Yes, the manuals I downloaded are simply awesome! 

I'm also happy to see that you ordered the step pulley model. Maybe after it comes, I could get you to measure the width and pitch of the timing belt. That can be done fairly easily without taking it apart. My feelings about my Hartford being an orphan would forever change if I can get those parts from PM. 

What HP is it?

Is the motor VFD rated? 



John Conroy said:


> The Hi-Lo lever shows a neutral position.



Yes, but only on the label. I don't see an actual detent for the actuator. My Hartford has no label at all nor a detent. But having said all that, if the PM works the way their drawing says it does, there really is no true neutral. The gear is either engaged or it isn't. There is no such thing as an in-between for engaged and disengaged.  It's sort of like leaving a light switch half way between on and off. You can do it, but why would you ever want to?

Btw, I cruised their website a bit. They have a lot of stuff there and their prices for other things are VERY reasonable!


----------



## John Conroy (Aug 30, 2021)

I actually ordered the TV model which stands for Taiwan made, variable speed vs the TS which is a step pulley model.


----------



## John Conroy (Aug 30, 2021)

Yeah my Ferro mill (variable speed head) had no detent when the lever way in the neutral position either but the lever would just fall into the neutral position unless it was very purposefully put into 1 of the 2 detents. With the step pulley head the lower lever only moves the countershaft gear so if that gear is not in mesh with the bull gear you will have neutral when the upper lever disconnects the dog gears.

I thought you had solved your belt problem with your call to MSC. Was Bando not able to supply a new belt after all?

It is 3HP and the motor is VFD rated. I would have probably ordered a step pulley model in 3 phase for use with a VFD but they are not available for months so I went with the TV model. It's still taking months-LoL


----------



## Susquatch (Aug 30, 2021)

John Conroy said:


> Yeah my Ferro mill (variable speed head) had no detent when the lever way in the neutral position either but the lever would just fall into the neutral position unless it was very purposefully put into 1 of the 2 detents. With the step pulley head the lower lever only moves the countershaft gear so if that gear is not in mesh with the bull gear you will have neutral when the upper lever disconnects the dog gears.
> 
> I thought you had solved your belt problem with your call to MSC. Was Bando not able to supply a new belt after all?
> 
> It is 3HP and the motor is VFD rated. I would have probably ordered a step pulley model in 3 phase for use with a VFD but they are not available for months so I went with the TV model. It's still taking months-LoL



My Bridgeport VariSpeed did the same thing until it didn't. Sometimes it just slipped into HI speed. Things break when they do that under load. So that's why I made the neutral block for it and adjusted it per the manual. 

Yes, that's what I meant by what I said earlier about neutral on the step pulley mill. There is really only engaged and disengaged. Disengaged could just as easily be called neutral. A rose by any other name...... 

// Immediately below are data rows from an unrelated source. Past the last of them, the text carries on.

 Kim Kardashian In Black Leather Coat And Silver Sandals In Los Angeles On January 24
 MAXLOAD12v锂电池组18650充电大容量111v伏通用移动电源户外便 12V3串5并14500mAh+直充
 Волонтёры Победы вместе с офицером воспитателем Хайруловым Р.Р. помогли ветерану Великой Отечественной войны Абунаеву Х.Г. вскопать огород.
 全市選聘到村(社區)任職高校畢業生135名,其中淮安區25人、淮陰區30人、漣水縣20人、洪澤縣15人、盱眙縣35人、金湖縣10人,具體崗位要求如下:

The bando belt has not arrived yet. I am hoping it will be correct, but I am not confident. Regardless, someday I will need another replacement and they may not be making custom belts when that day comes. That's what I meant by orphan equipment earlier. The other problem is the timing belt pulley. I couldn't find that anywhere so I repaired the one I have. My fingers are crossed on that one! The pulley is sintered metal and I repaired it with devcon plastic steel....... 

All the above said, @Dabbler made a GREAT suggestion. Since I have a VFD and the motor I got for it is VFD rated, he suggested just removing the back gear! The VFD/Motor will easily match anything a back gear could do! Need 20rpm for some reason? Dial it in and go! 

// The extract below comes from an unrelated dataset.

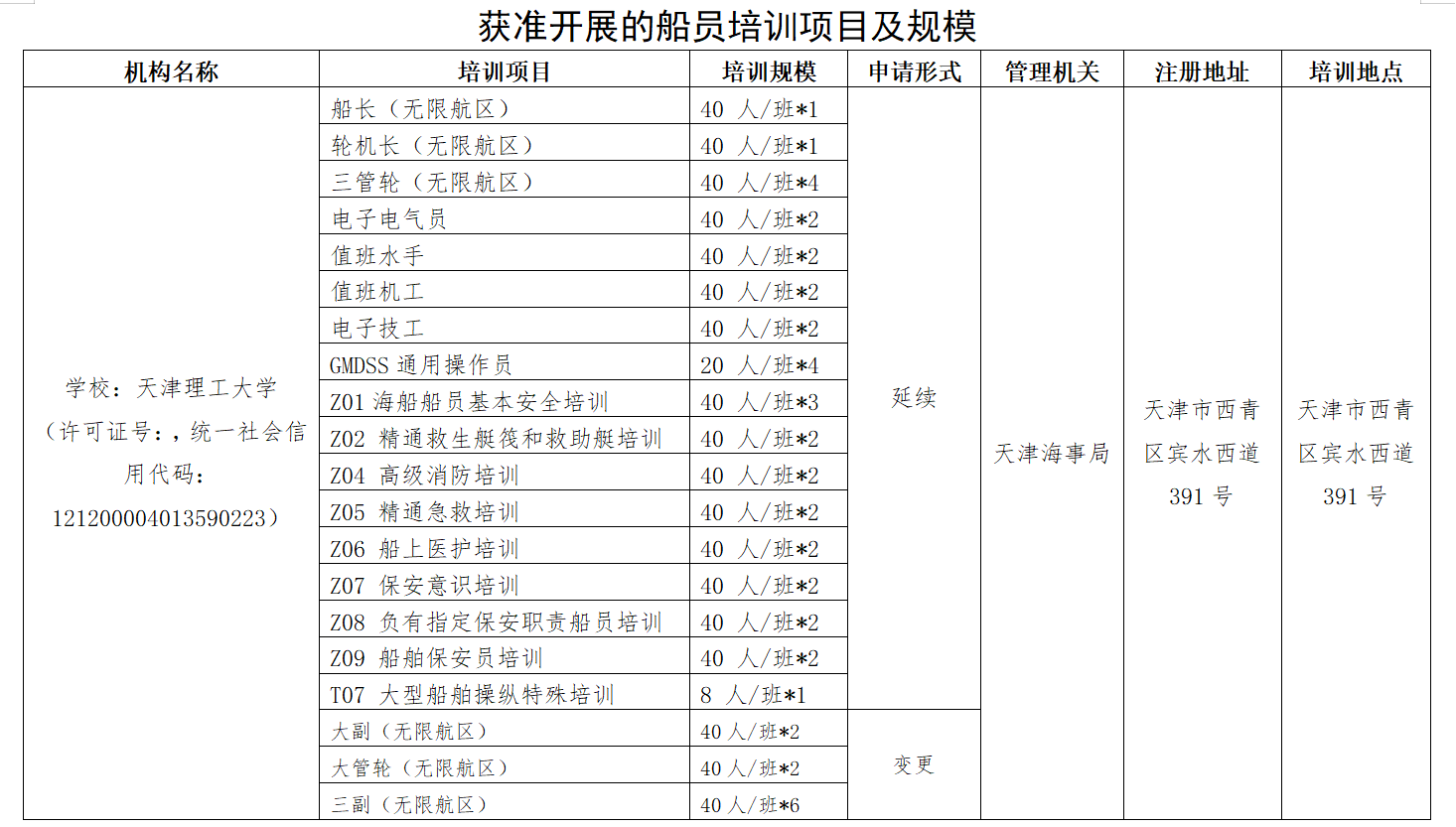 据悉,我校在2023年顺利通过交通运输部海事局组织的船员教育和培训质量管理体系换证审核和附件审核基础上,整合现有师资和设备资源,顺应船员培训社会需求,决定申请扩大船员培训业务许可规模。此次申报成功获批后,我校船员培训许可规模在保持原有20项培训项目不变的基础上,大副(无限航区)、大管轮(无限航区)培训规模均扩至40人/班*2,三副(无限航区)规模扩至40人/班*6。

3HP eh! Wow! Should be a great mill when it arrives! 

I may give them a call and see if I can get them to give me specs on the appropriate parts. Surely they will be more helpful than H&W was.


----------



## John Conroy (Aug 30, 2021)

From what I have heard PM will not even try to help with parts for machines they did not sell. You might have better luck with Grizzly. I've heard that their parts people will go above and beyond to find obscure parts. 

I agree, no need for low range with a VFD.


----------



## Susquatch (Aug 30, 2021)

John Conroy said:


> From what I have heard PM will not even try to help with parts for machines they did not sell. You might have better luck with Grizzly. I've heard that their parts people will go above and beyond to find obscure parts.
> 
> I agree, no need for low range with a VFD.



Too bad....... I was hopeful.


----------



## PeterT (Aug 30, 2021)

Exactly as John says, PM will only sell parts to PM customers for PM machines. Fair enough, its his business. And yes he does check. You might have a chance with Modern Tool if your machine was a dead ringer for what they sell, but suspect risk would be on you if there was variation. I've heard the same about Grizzly actually which is amazing because they have had so many flavors over the years & there can be differences. Good luck.


----------



## Susquatch (Aug 30, 2021)

This is all so disheartening to hear. 

Protectionism with products that are basically all Taiwanese Clones....... Go figure. Sad really.


----------



## PeterT (Aug 30, 2021)

Oh it gets better. I was trying to find motor parts/specs on my Taiwan 935 mill back when I suspected capacitor issues. Had the name tag & serial number in front of me. Nowhere to be found on Internetland. When I spoke with Modern they said they have similar difficulties (related to motors) & they are the distributer for the dang machines. PM mentioned they had a close connection with their factory, sometimes they custom spec certain features that other distributors may not so I suspect reasonable to see all kinds of animals once release to the wild.

I wonder what % proportion of machines a place like H&W services in terms of clones to actual Bridgeports. I would think they have seen enough machines flow through the shop to see some similarities & differences. The videos I watched were predominantly BP's if I recall, but I wonder if they do clones just the same?


----------



## Susquatch (Aug 30, 2021)

Amazing really.....

If I suspected a capacitor problem, I would have called eMotors. They have been awesome to deal with for me. They even have motor specialists that will give you engineering advice even if there is no motor sale in the deal!

I bought the new motor I got for my Hartford from them. It was a damaged in shipment customer return. I haven't been able to find a defect, but I have not actually run it yet.

Also just bought a new fan motor for my airconditioning condenser. Told them the specs I needed and they told me the cheapest replacement. $90 later I had a motor that is working awesome!

Prolly would have cost me 500 to have an HVAC tech replace it.


----------